A GUNMAN who racially abused and threatened to shoot two young brothers is starting a four-year prison sentence.

Christopher Jones flipped when the children were playing cricket in a back alley near his home in Stockton.

He went out into the street with a Dirty Harry-style revolver – a pellet-firing air weapon - and pointed it at the boys.

Teesside Crown Court heard how he yelled at the ten- and 16-year-olds: "You black c****, I'm going to kill you."

Closed circuit television pictures show Jones then following them into their back yard and waiting at their kitchen door.

After his arrest, he told police he had been drinking during the day, and felt "some kind of road rage" when he went into the street, but insisted he had no intention of firing the gun.

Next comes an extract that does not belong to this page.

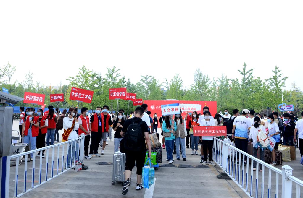 受疫情影響,今年迎新工作任務(wù)重、壓力大,學(xué)生工作隊伍面臨新挑戰(zhàn)。各院(系)嚴把入口關(guān),輔導(dǎo)員嚴格審批學(xué)生申請,做好做細臺賬,用心用情服務(wù),確保進校學(xué)生全部符合到校條件。提前建立微信群、QQ群與新生保持實時互動,答疑解惑。在新生接待點現(xiàn)場,學(xué)工隊伍全天堅守,及時辦理審核報到手續(xù),為每一名新生提供熱情周到的服務(wù)。他們活躍的身影,細致的工作,形成了一道靚麗的風(fēng)景線?!皺M幅迎風(fēng),校園卡羅列,手機鈴聲往復(fù)里的訊息是對2022級新生每一個問題的耐心解答,布置好化工院迎新點的一切,我靜坐在早上八九點鐘的太陽下,等待著和早上八九點鐘的太陽撞個滿懷?!被瘜W(xué)化工學(xué)院新生輔導(dǎo)員秦嶺講述了自己迎新的準(zhǔn)備工作。

His lawyer, Alex Bousfield, said the 49-year-old factory manager was "mortified" by what he had done.

"Clearly, that weapon is capable of causing public terror, and no doubt it did on this occasion," said Mr Bousfield.

"He has never considered himself to be racist in the past, but accepts what he said was."

Judge Sean Morris described the weapon as "fearsome-looking" and said: "It looks far more dangerous than it actually is. It looks like something from a Dirty Harry movie."

He told the father-of-two: "For whatever reason, heaven knows, you came into possession of what is, in fact, an air weapon, but it looks like a terrifyingly real revolver.

"Anyone being confronted with that, especially in today's climate of gun crime, would have been absolutely terrified.

"I can't think of any reason anybody would want an air weapon that looks like the real thing.

"The public need to know anybody who brandishes any firearm and points it at people has to go away. It has got to stop."

Jones, of Edward Street, Stockton, pleaded guilty to racially-aggravated fear or provocation of violence and possessing a firearm with intent to cause fear on April 28.

The boys' father said in a statement: "I can't tolerate this behaviour in the neighbourhood. In 47 years, I have never witnessed anything like it."

Mr Bousfield said Jones's prison sentence will impact on his two tearful teenage sons – one of whom has cystic fibrosis – and his employer.